- _Exercise requirements_:
From the data below, retype exactly the lines starting with the one that contains "9月30日,生意社天然橡胶基" and ending with the one that contains "Goodman Furnace AC", both included.

Data records: Begin

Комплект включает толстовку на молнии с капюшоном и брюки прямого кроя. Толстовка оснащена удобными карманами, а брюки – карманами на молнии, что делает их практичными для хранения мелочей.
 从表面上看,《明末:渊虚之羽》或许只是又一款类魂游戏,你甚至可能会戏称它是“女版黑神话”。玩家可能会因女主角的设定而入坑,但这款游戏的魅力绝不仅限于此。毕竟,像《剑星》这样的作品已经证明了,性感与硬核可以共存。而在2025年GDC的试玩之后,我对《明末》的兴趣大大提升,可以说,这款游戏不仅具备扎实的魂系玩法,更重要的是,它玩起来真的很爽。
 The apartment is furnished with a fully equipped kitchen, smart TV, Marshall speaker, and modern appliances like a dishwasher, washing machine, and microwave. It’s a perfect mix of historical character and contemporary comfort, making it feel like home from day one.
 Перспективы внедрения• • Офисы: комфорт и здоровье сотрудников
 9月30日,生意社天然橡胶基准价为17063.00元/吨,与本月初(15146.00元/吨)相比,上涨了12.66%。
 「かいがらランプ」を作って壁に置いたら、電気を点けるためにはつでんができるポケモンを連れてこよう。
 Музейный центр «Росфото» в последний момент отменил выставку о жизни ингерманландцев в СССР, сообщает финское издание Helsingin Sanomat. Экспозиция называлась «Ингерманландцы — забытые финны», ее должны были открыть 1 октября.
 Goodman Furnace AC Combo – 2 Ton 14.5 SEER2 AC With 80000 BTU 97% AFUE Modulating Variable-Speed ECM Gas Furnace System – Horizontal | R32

Data records: End
Data records: Begin

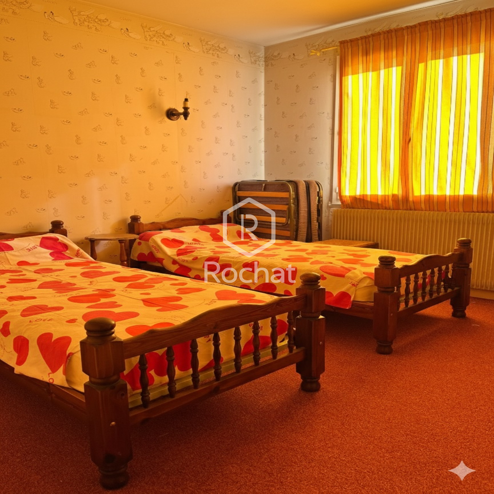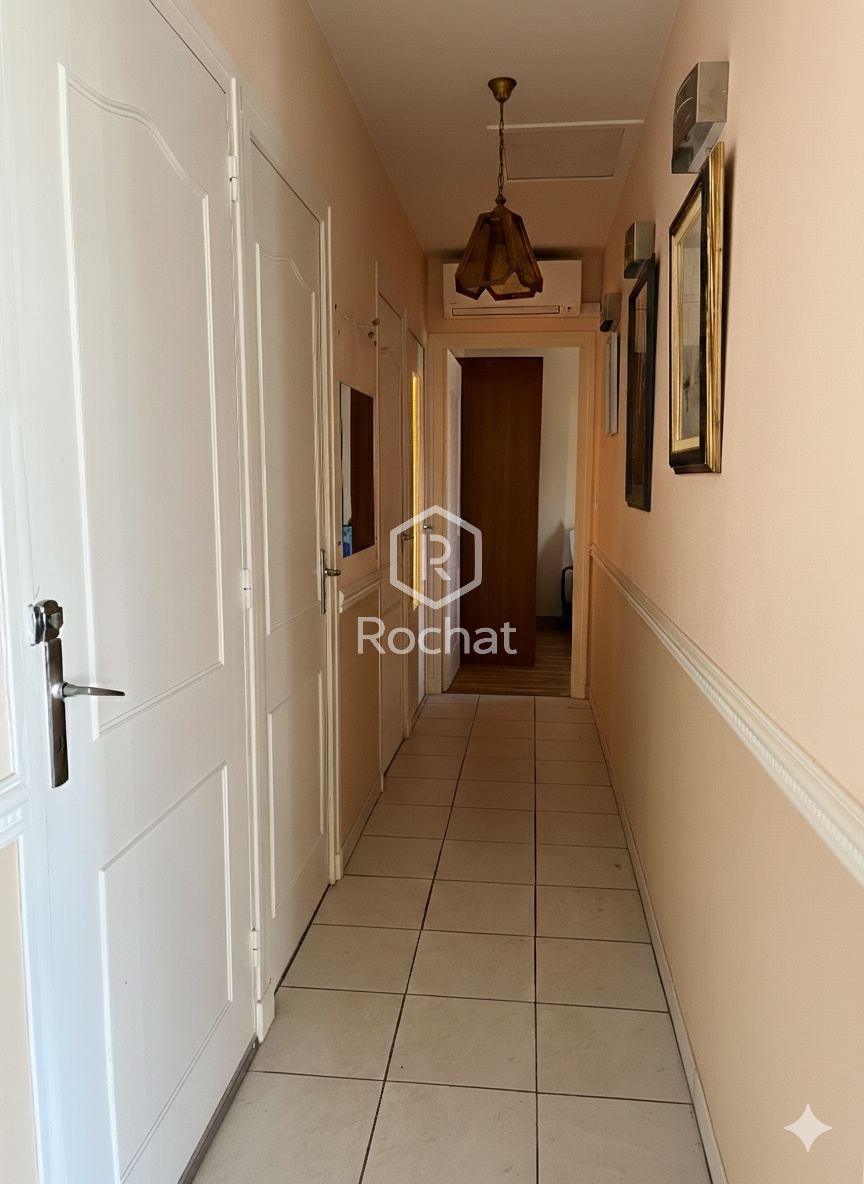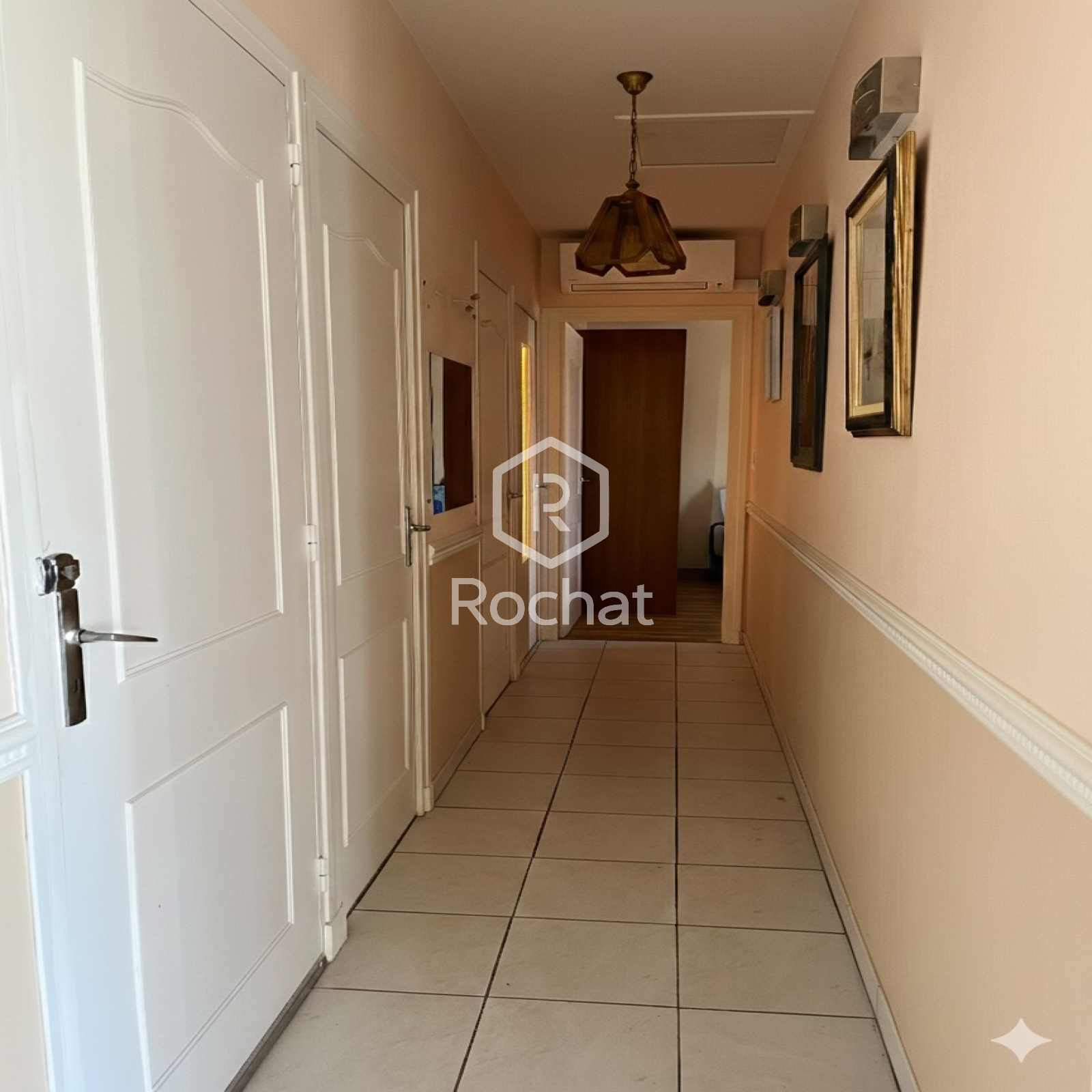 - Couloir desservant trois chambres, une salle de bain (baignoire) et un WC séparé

Data records: End

- _Problem solution_:
 9月30日,生意社天然橡胶基准价为17063.00元/吨,与本月初(15146.00元/吨)相比,上涨了12.66%。
 「かいがらランプ」を作って壁に置いたら、電気を点けるためにはつでんができるポケモンを連れてこよう。
 Музейный центр «Росфото» в последний момент отменил выставку о жизни ингерманландцев в СССР, сообщает финское издание Helsingin Sanomat. Экспозиция называлась «Ингерманландцы — забытые финны», ее должны были открыть 1 октября.
 Goodman Furnace AC Combo – 2 Ton 14.5 SEER2 AC With 80000 BTU 97% AFUE Modulating Variable-Speed ECM Gas Furnace System – Horizontal | R32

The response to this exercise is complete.